Okay, so I just checked out the Internet, and the house is supposedly where the Assumption happened, not the Annunciation, so that is a big difference. St. John is believed to have brought Mary to Ephesus after the crucifixion because it was a safe city, and here she supposedly passed her final years. Also, the German woman who had the visions was a nun named Sister Anne Catherine Emmerich who had never even been to Ephesus. A priest in the late 1800s found the site and realized it matched her descriptions, and that was backed up by the cultural tradition of many local villagers viewing the site as a shrine of Mary. The Catholic Church has not named it as such but they have named it a Holy Place and Pope Benedict visited here during his visit to Turkey last November (Beth informs me that there was a rosary from his visit on display, but I did not see it. I did, however, see a nun carrying a guitar walk around the site, and got excited that she was going to burst into a rousing rendition of "Dominique.")

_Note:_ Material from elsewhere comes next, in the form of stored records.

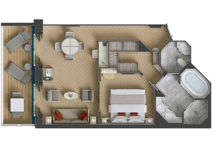 | SV - Superior Veranda Suite 36 m² / balkon 6 m². Vyšší paluby. Ložnice s obývací částí. | 410 899 Kč 205 449 Kč za osobu | ||
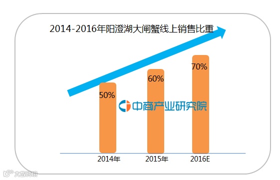 2012-2016年阳澄湖大闸蟹线上销售比重
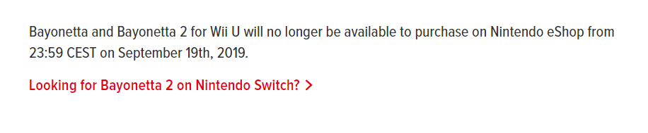 今天(9月10日)任天堂Wii U欧服与日服的《猎天使魔女》商店页面发布了一则公告,显示《猎天使魔女》系列的前两部作品将于2019年9月19日 5:59(欧服,北京时间)和9月20日 5:59(日服,北京时间)从商店下架,本作的Switch版没有受到影响。 任天堂Will U欧服《猎天使魔女》商店页面公告 《猎天使魔女》是白金工作室制作的动作游戏,前两部作品均由任天堂发行到了Wii U平台上,受到了非常多玩家的欢迎。2018年2月17日,《猎天使魔女1+2》登陆到了任天堂全新的Switch平台,如今《猎天使魔女》宣布将从Wii U平台部分区服开始下架,也许以后想要游玩任天堂版贝姐的玩家只能从Switch上购买本作了。 据悉,目前《猎天使魔女》其他区的Will U商店页面还没有发布此公告,想要购买Wii U版《猎天使魔女》的玩家可以在下周之前前往购买,也可以在其他区服进行购买。 |
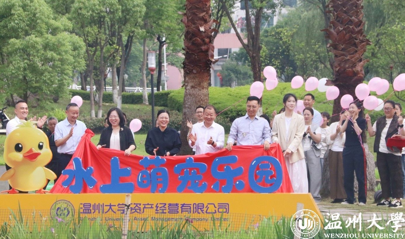 5月9日上午9时,由sunbet申愽官网资产经营有限公司打造的“明心湖水上萌宠乐园”正式开园。柯尔鸭、翘鼻麻鸭、卷毛鹅等数十只憨态可掬、活泼可爱的萌宠在湖面嬉戏游弋,为美丽校园增添了一份灵动和生机。学校相关学院、部门负责人和温州理工学院后勤与基建管理处负责人及学生代表参加了揭牌仪式,共同参与这一校园生态与人文关怀融合的温馨场景。
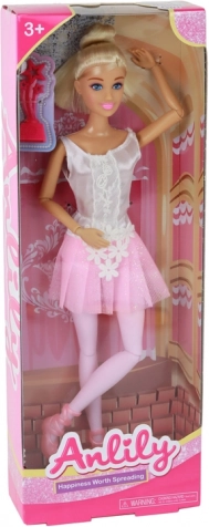 Odkrijte čar baleta s punčko ANLILY, ki z nežnim videzom in premišljenimi detajli navdihuje k uram domiselne igre. Bel življenik z nežnim tilom se ujema z razširjenim rožnatim krilom s bleščicami, medtem ko baletne hlačne nogavice in copatki dopolnijo vtis prave plesalke.
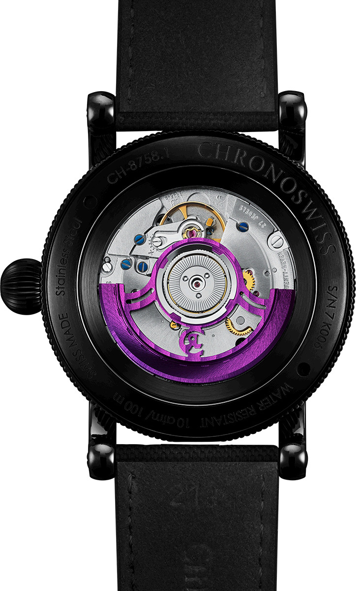 The timepiece embodies the ongoing evolution of the brand and yet stays true to the typical Chronoswiss DNA. The multilevel Regulator construction of 42 parts allows uncovered views of the mechanics and is the Lucerne watchmakers new contemporary standard. The main protagonist on the inside is the automatic, stop-second calibre C.299 with its skeletonised rotor that is equally CVD coated in purple.
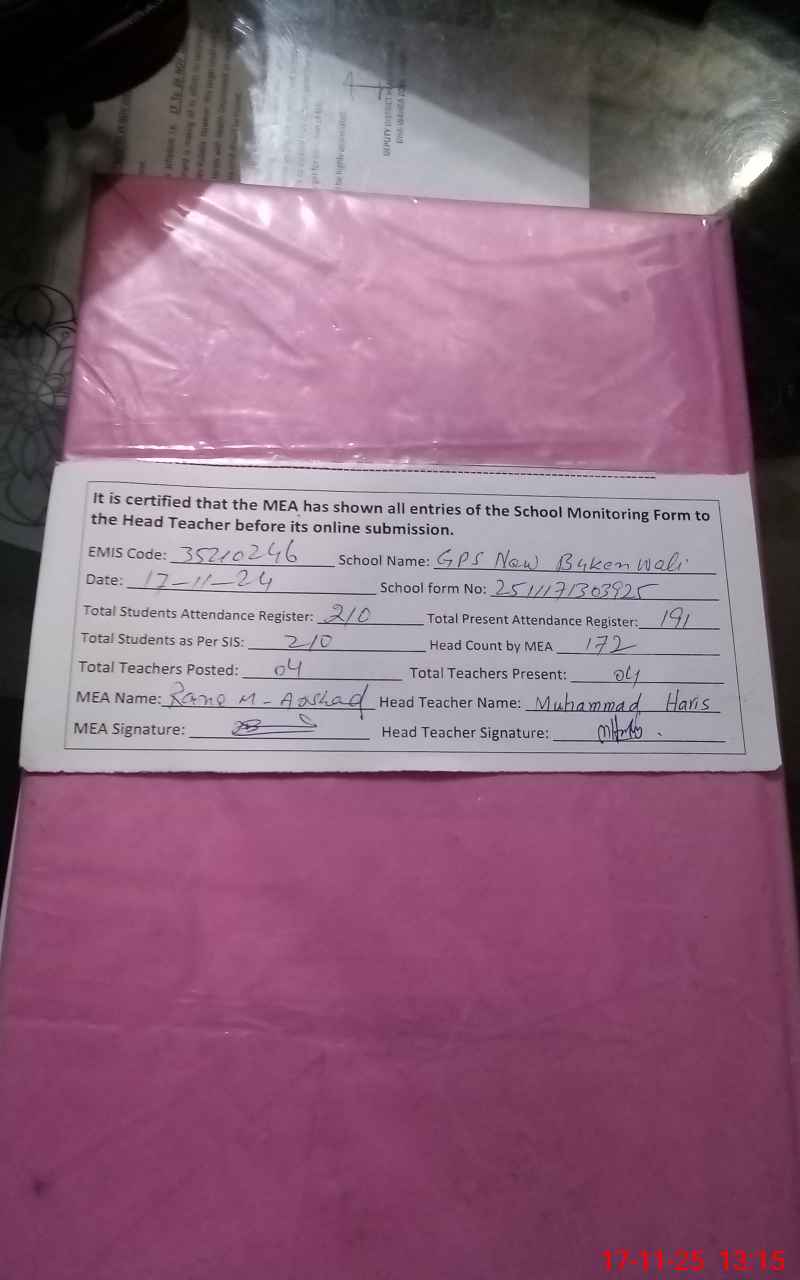 | EMIS Code: 35210246 | Name of School: GPS NEW BUKEN WALI | |||

So all in all, it was a very enjoyable visit, although some people (aka Beth) were unimpressed by the site’s lack of historical veracity. I will continue the rest of the tour description in a later entry, for tomorrow, Brendan “Four Car Accidents Before His Eighteenth Birthday” is driving a scooter on Mykonos. Seems like a good idea.
Saturday, September 15, 2007
Thursday, September 6, 2007
Penny
Beth and I got some sad news last week. Our dog Penny was hit by a car and killed in Wisconsin. It was tough news to get and made us feel far away from everyone that we loved. It was absolutely an accident and no one’s fault, and we felt awful that Beth’s parents had to be the ones to deal with everything and that we couldn’t be there with them.
Penny was the best dog. She forced us to go out and appreciate Colorado in a way that we wouldn’t have without her, and we had so many fun adventures in the too-short time we had with her. I don’t think there’s a way to talk about losing your dog that isn’t a cliché, but we really were so lucky to have her for the time that we did and we will miss her a whole lot.